* [Exercise instructions]: A word-for-word copy of the entries, with the images left out, is what you should write.

____ Provided information

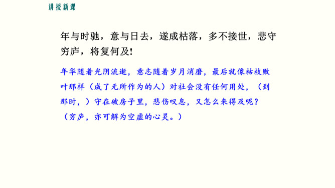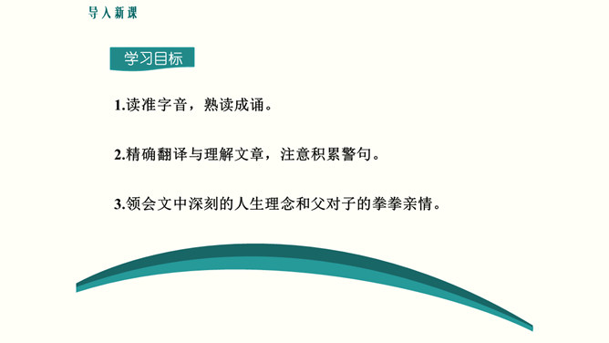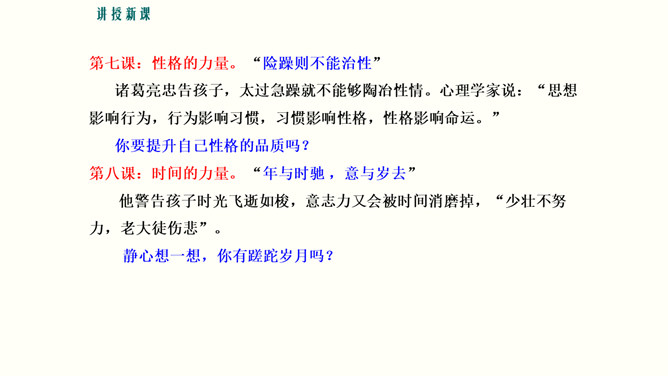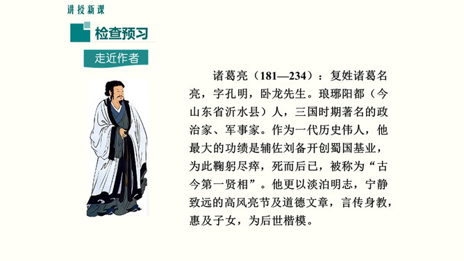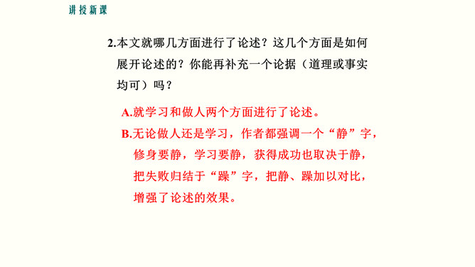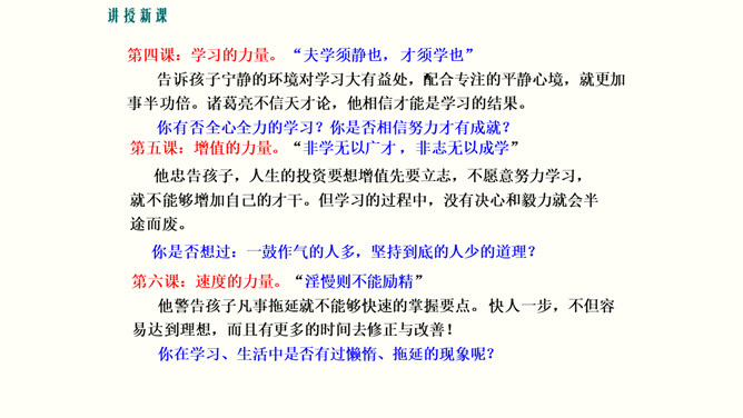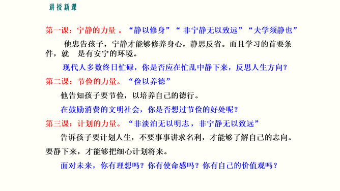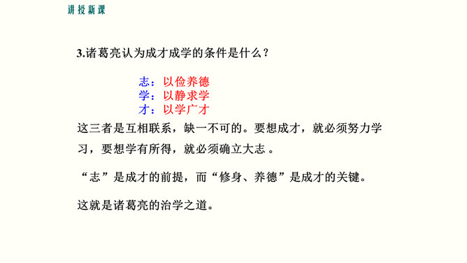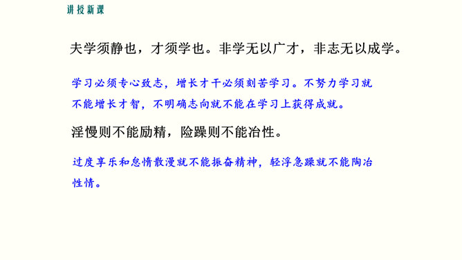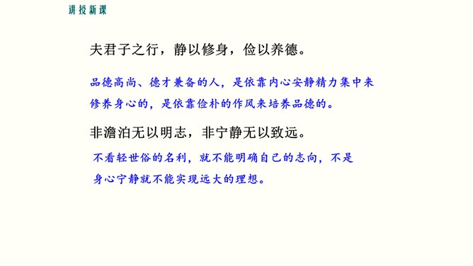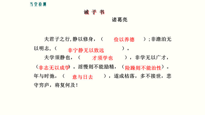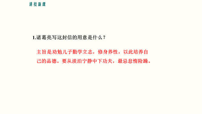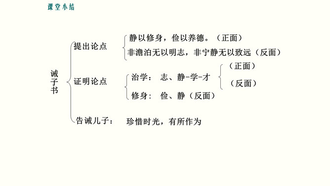 1.读准字音,熟读成诵。2.精确翻译与理解文章,注意积累警句。3.领会文中深刻的人生理念和父对子的拳拳亲情。诸葛亮写这封信的用意是什么?主旨是劝勉儿子勤学立志,修身养性,以此培养自己的品德。要从淡泊宁静中下功夫,最忌怠惰险躁。本文就哪几方面进行了论述?这几个方面是如何展开论述的?你能再补充一个论据(道理或事实均可)吗?就学习和做人两个方面进行了论述。无论做人还是学习,作者都强调一个“静”字,修身要静,学习要静,获得成功也取决于静,把失败归结于“躁”字,把静、躁加以对比,增强了论述的效果。所属专题:诫子书ppt。
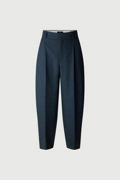 EVA, blouse asymétrique en toile de laine pétrole, offre une coupe ample et un col ouvert. Bas de corps à deux panneaux, manches ourlées. Coupe architecturale et col bateau ajustable pour une allure sophistiquée.
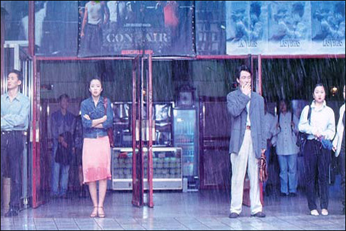 수렁에 빠진 동현에게 손을 내민 건 수현입니다. 소극적인 태도로 사랑을 놓쳤던 수현은 이제 동현에게 적극적으로 다가갑니다. 기다리겠다며, 꼭 만나고 싶다고 말합니다. 약속 장소는 지금은 추억이 된 종로의 영화관입니다. 사실 둘은 그 영화관에서 우연히 스쳐 지나간 적이 있죠(레코드점도 그렇고 그밖에도 영화에는 그런 장면으로 빼곡한데 지금 보면 좀 지나친 감도 있습니다). 동현도 약속 장소로 향합니다. 하지만, 동현은 수현을 보고도 주저하며 그대로 지나칩니다. 옛사랑의 트라우마와 새로운 만남의 두려움입니다. 그는 멀찍이 영화관 이층 카페에 앉아 수현을 바라봅니다. 그는 마음을 정할 수 없고 수현은 그럼에도 끝까지 자리를 지킨 채 동현을 기다립니다.
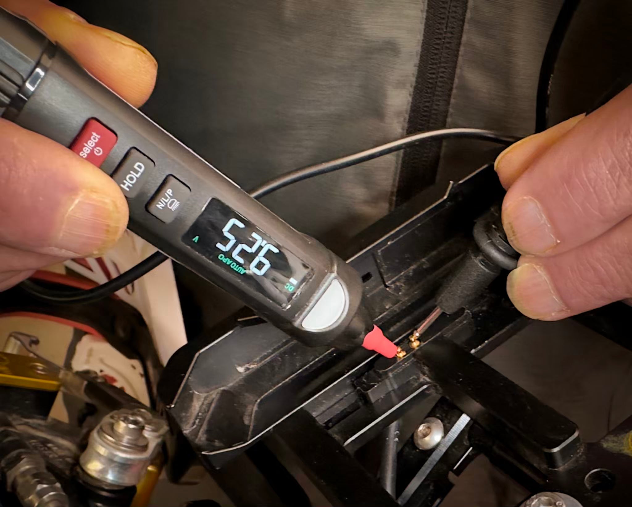 Acest multimetru tip stilou se potrivește natural în mână, la fel ca o șurubelniță sau o cheie, făcând mult mai ușoară măsurarea tensiunii, rezistenței și continuității, păstrând afișajul la vedere. Fără să mai întorci capul sau să te încurci cu firele separate! Și dacă vizibilitatea este o problemă? A3009 anunță măsurătorile cu voce tare — astfel, chiar și în lumină slabă sau spații strâmte, știi exact ce se întâmplă cu sistemul electric al motocicletei tale.
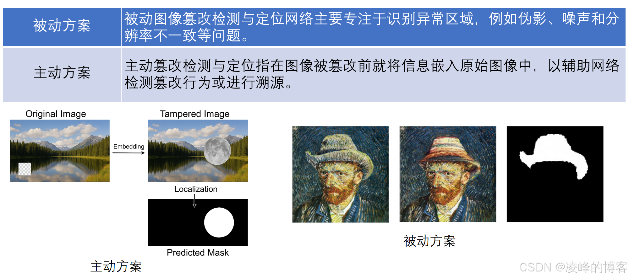 被动方法:不依赖任何水印,通过分析图像内容的不一致性(纹理断裂、噪声分布等)来判断是否被改动。
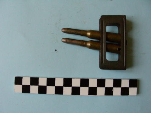 Di forma cilindrica, con fondello e restringimento all'apice del bossolo e proiettile conico. Le due cartucce conservano una piastrina con bande laterali.
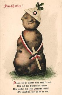Besonders in Kriegs- und Notzeiten spielte die Kartoffel eine große Rolle. Nicht nur in vielfältiger Form auf Speiseplan und Eßtisch, sondern auch in der Propaganda.
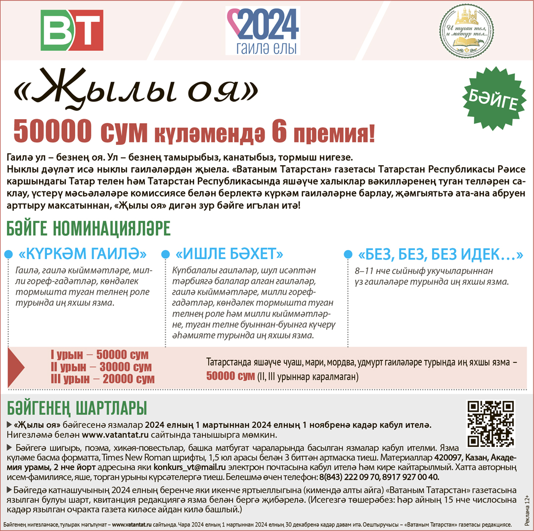 «Ватаным Татарстан» газетасы Татарстан Республикасы Рәисе каршындагы Татар телен һәм Татарстан Республикасында яшәүче халыклар вәкилләренең туган телләрен саклау, үстерү мәсьәләләре комиссиясе белән берлектә күркәм гаиләләрне барлау, җәмгыятьтә ата-ана абруен арттыру максатыннан, «Җылы оя» дигән зур бәйге игълан иткән иде. Аңа язмалар кабул итү дәвам итә.
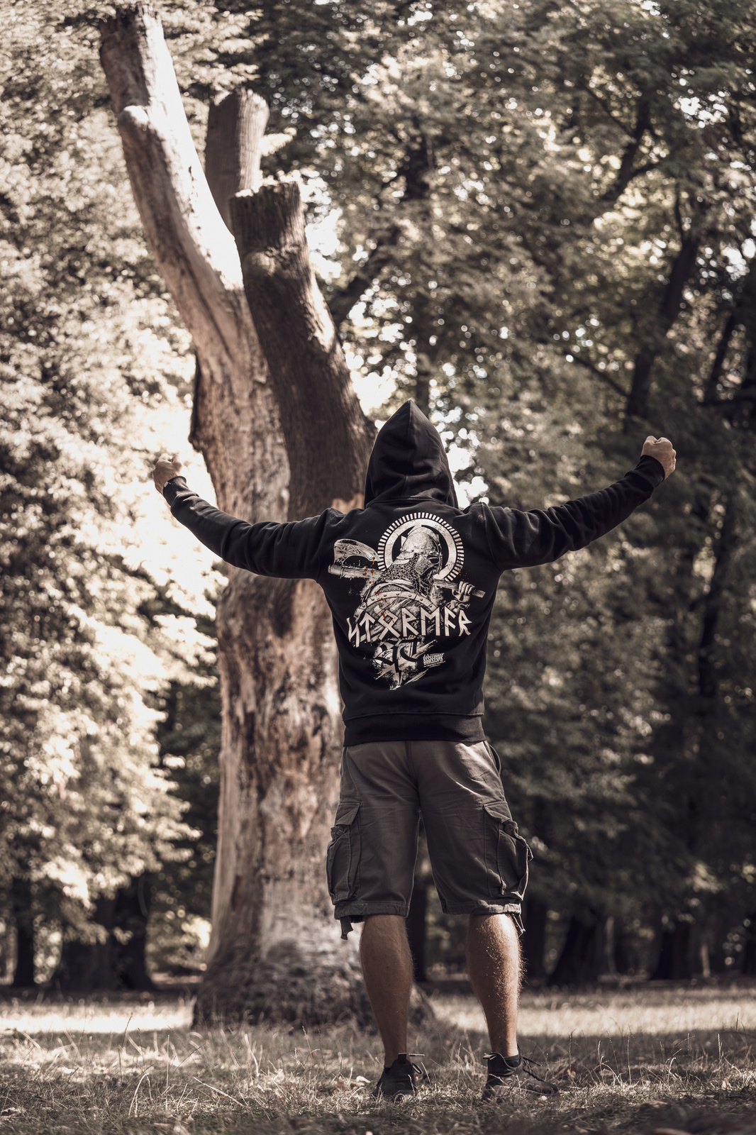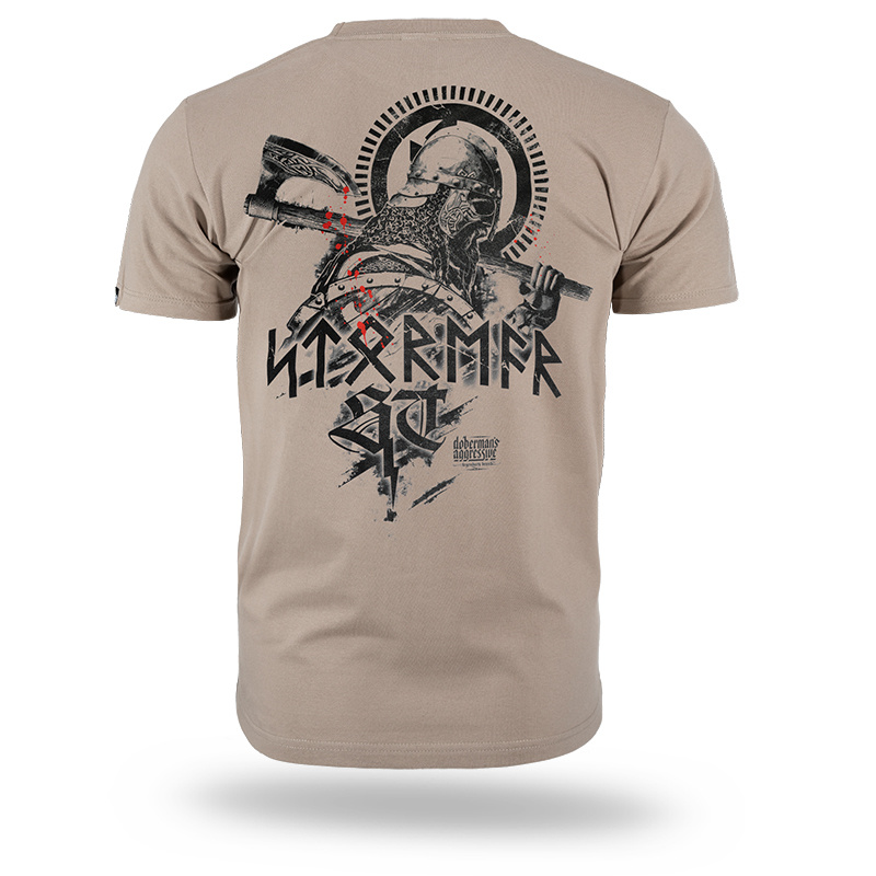 The model stands out with an impressive back print featuring a Norse warrior in a helmet, holding a shield and an axe. The design is completed with a large “STORMER” inscription styled in runic alphabet, which also appears on the front chest.
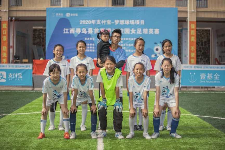 澄江中心校女足队,后排左一为邹涛 图片来源:中国日报网
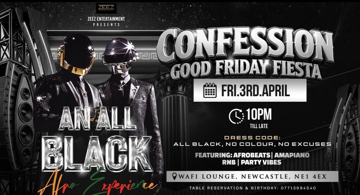 Friday 3rd April we bring you CONFESSION a premium All Black night for the grown & stylish.
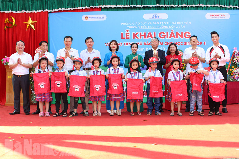 Sáng 5/9, tại Lễ khai giảng năm học mới của trường Tiểu học phường Đồng Văn (thị xã Duy Tiên), Ủy ban An toàn giao thông (ATGT) Quốc gia phối hợp với Bộ Giáo dục và Đào tạo, Công ty Honda Việt Nam tổ chức Chương trình trao tặng mũ bảo hiểm (MBH) cho học sinh lớp 1 toàn quốc năm học 2020 -2021.
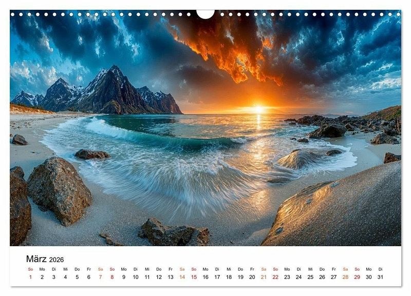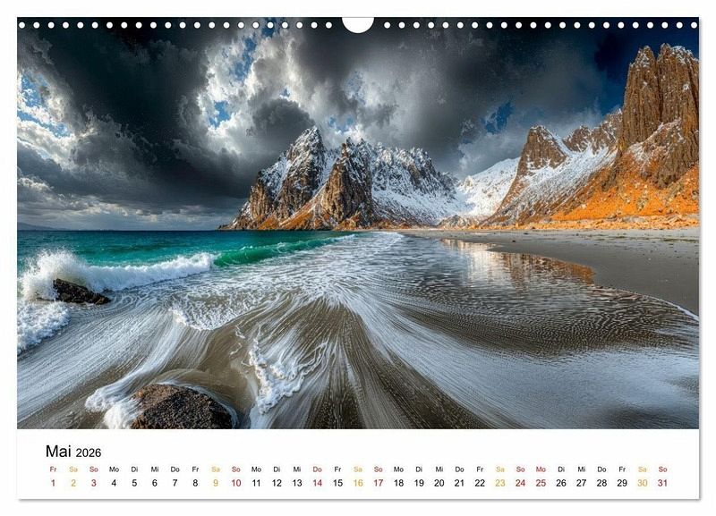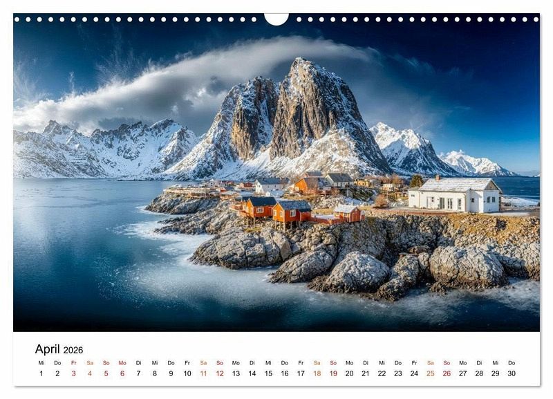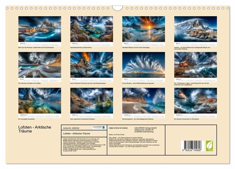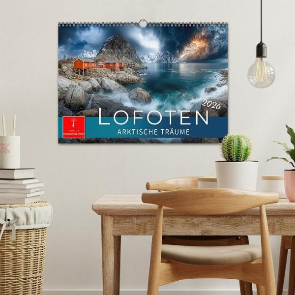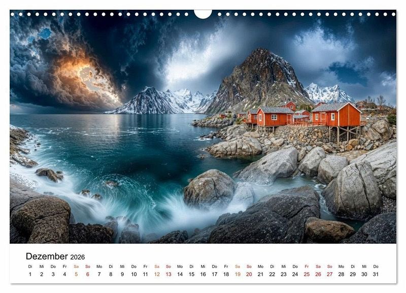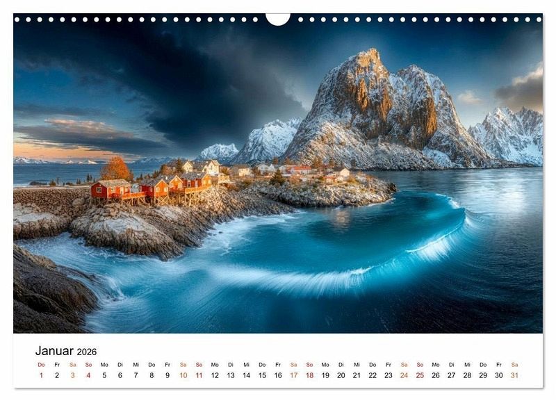 Ein Jahr voller Sehnsucht nach dem Norden, lassen Sie sich Monat für Monat in die faszinierende Welt der Lofoten entführen. Jedes Bild ist ein Fenster in die arktische Schönheit - rau und zugleich poetisch. Mal schweben dramatische Wolkenformationen über den Fjorden, mal glitzern die weißen Strände im klaren Licht, mal schmiegen sich die typischen roten Haussiedlungen an die Küste. Gestaltet mit dem Auge fürs Detail werden diese Bilder zu einer faszinierenden Reise nördlich des Polarkreises, wobei die grafische Umsetzung im Zusammenspiel klassischer Gestaltung und ausgewählter KI-basierter Methoden erfolgte. Ein Kalender für alle, die die Kraft der Natur lieben und sich von nordischen Träumen begleiten lassen möchten.

________

* [Solution for this task]:
 1.读准字音,熟读成诵。2.精确翻译与理解文章,注意积累警句。3.领会文中深刻的人生理念和父对子的拳拳亲情。诸葛亮写这封信的用意是什么?主旨是劝勉儿子勤学立志,修身养性,以此培养自己的品德。要从淡泊宁静中下功夫,最忌怠惰险躁。本文就哪几方面进行了论述?这几个方面是如何展开论述的?你能再补充一个论据(道理或事实均可)吗?就学习和做人两个方面进行了论述。无论做人还是学习,作者都强调一个“静”字,修身要静,学习要静,获得成功也取决于静,把失败归结于“躁”字,把静、躁加以对比,增强了论述的效果。所属专题:诫子书ppt。
 EVA, blouse asymétrique en toile de laine pétrole, offre une coupe ample et un col ouvert. Bas de corps à deux panneaux, manches ourlées. Coupe architecturale et col bateau ajustable pour une allure sophistiquée.
 수렁에 빠진 동현에게 손을 내민 건 수현입니다. 소극적인 태도로 사랑을 놓쳤던 수현은 이제 동현에게 적극적으로 다가갑니다. 기다리겠다며, 꼭 만나고 싶다고 말합니다. 약속 장소는 지금은 추억이 된 종로의 영화관입니다. 사실 둘은 그 영화관에서 우연히 스쳐 지나간 적이 있죠(레코드점도 그렇고 그밖에도 영화에는 그런 장면으로 빼곡한데 지금 보면 좀 지나친 감도 있습니다). 동현도 약속 장소로 향합니다. 하지만, 동현은 수현을 보고도 주저하며 그대로 지나칩니다. 옛사랑의 트라우마와 새로운 만남의 두려움입니다. 그는 멀찍이 영화관 이층 카페에 앉아 수현을 바라봅니다. 그는 마음을 정할 수 없고 수현은 그럼에도 끝까지 자리를 지킨 채 동현을 기다립니다.
 Acest multimetru tip stilou se potrivește natural în mână, la fel ca o șurubelniță sau o cheie, făcând mult mai ușoară măsurarea tensiunii, rezistenței și continuității, păstrând afișajul la vedere. Fără să mai întorci capul sau să te încurci cu firele separate! Și dacă vizibilitatea este o problemă? A3009 anunță măsurătorile cu voce tare — astfel, chiar și în lumină slabă sau spații strâmte, știi exact ce se întâmplă cu sistemul electric al motocicletei tale.
 被动方法:不依赖任何水印,通过分析图像内容的不一致性(纹理断裂、噪声分布等)来判断是否被改动。
 Di forma cilindrica, con fondello e restringimento all'apice del bossolo e proiettile conico. Le due cartucce conservano una piastrina con bande laterali.
Besonders in Kriegs- und Notzeiten spielte die Kartoffel eine große Rolle. Nicht nur in vielfältiger Form auf Speiseplan und Eßtisch, sondern auch in der Propaganda.
 «Ватаным Татарстан» газетасы Татарстан Республикасы Рәисе каршындагы Татар телен һәм Татарстан Республикасында яшәүче халыклар вәкилләренең туган телләрен саклау, үстерү мәсьәләләре комиссиясе белән берлектә күркәм гаиләләрне барлау, җәмгыятьтә ата-ана абруен арттыру максатыннан, «Җылы оя» дигән зур бәйге игълан иткән иде. Аңа язмалар кабул итү дәвам итә.
 The model stands out with an impressive back print featuring a Norse warrior in a helmet, holding a shield and an axe. The design is completed with a large “STORMER” inscription styled in runic alphabet, which also appears on the front chest.
 澄江中心校女足队,后排左一为邹涛 图片来源:中国日报网
 Friday 3rd April we bring you CONFESSION a premium All Black night for the grown & stylish.
 Sáng 5/9, tại Lễ khai giảng năm học mới của trường Tiểu học phường Đồng Văn (thị xã Duy Tiên), Ủy ban An toàn giao thông (ATGT) Quốc gia phối hợp với Bộ Giáo dục và Đào tạo, Công ty Honda Việt Nam tổ chức Chương trình trao tặng mũ bảo hiểm (MBH) cho học sinh lớp 1 toàn quốc năm học 2020 -2021.
 Ein Jahr voller Sehnsucht nach dem Norden, lassen Sie sich Monat für Monat in die faszinierende Welt der Lofoten entführen. Jedes Bild ist ein Fenster in die arktische Schönheit - rau und zugleich poetisch. Mal schweben dramatische Wolkenformationen über den Fjorden, mal glitzern die weißen Strände im klaren Licht, mal schmiegen sich die typischen roten Haussiedlungen an die Küste. Gestaltet mit dem Auge fürs Detail werden diese Bilder zu einer faszinierenden Reise nördlich des Polarkreises, wobei die grafische Umsetzung im Zusammenspiel klassischer Gestaltung und ausgewählter KI-basierter Methoden erfolgte. Ein Kalender für alle, die die Kraft der Natur lieben und sich von nordischen Träumen begleiten lassen möchten.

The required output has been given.